Relating incompatibility, noncommutativity, uncertainty and Kirkwood-Dirac nonclassicality
Stephan De Bievre

TL;DR
This paper explores the relationships between incompatibility, noncommutativity, uncertainty, and Kirkwood-Dirac nonclassicality in quantum states, providing bounds and characterizations relevant to quantum information and metrology.
Contribution
It establishes general bounds linking support uncertainty to Kirkwood-Dirac nonclassicality and characterizes classical states for nearly mutually unbiased observables.
Findings
Support uncertainty serves as an effective Kirkwood-Dirac nonclassicality witness.
Classical states are eigenvectors of incompatible observables close to mutually unbiased.

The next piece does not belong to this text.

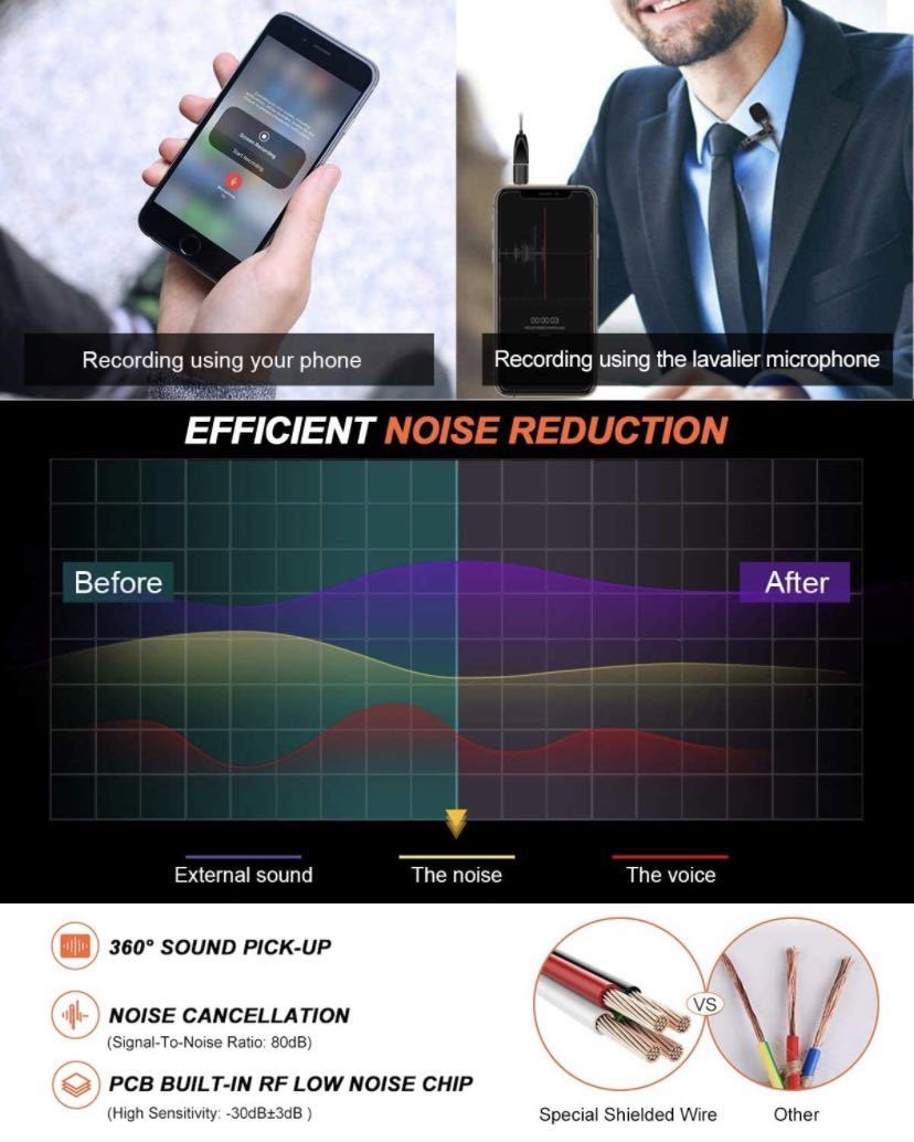 無料録音のためのノイズキャンセリング -マイクは、プロフェッショナルな結果を得るために明瞭なサウンドを録音します。静的なノイズはありません。バッテリー、アプリのダウンロード、設定は不要です。インタビュー、Podcastでのライブ放送、Skypeでの通話、Whatsapp、Facebook、Teaching、Vlogging、Youtubeなどに幅広く使用できます。

Complete incompatibility entails several weaker incompatibility notions and strong noncommutativity.
Abstract
We provide an in-depth study of the recently introduced notion of completely incompatible observables and its links to the support uncertainty and to the Kirkwood-Dirac nonclassicality of pure quantum states. The latter notion has recently been proven central to a number of issues in quantum information theory and quantum metrology. In this last context, it was shown that a quantum advantage requires the use of Kirkwood-Dirac nonclassical states. We establish sharp bounds of very general validity that imply that the support uncertainty is an efficient Kirkwood-Dirac nonclassicality witness. When adapted to completely incompatible observables that are close to mutually unbiased ones, this bound allows us to fully characterize the Kirkwood-Dirac classical states as the eigenvectors of the two observables. We show furthermore that complete incompatibility implies several weaker notions of…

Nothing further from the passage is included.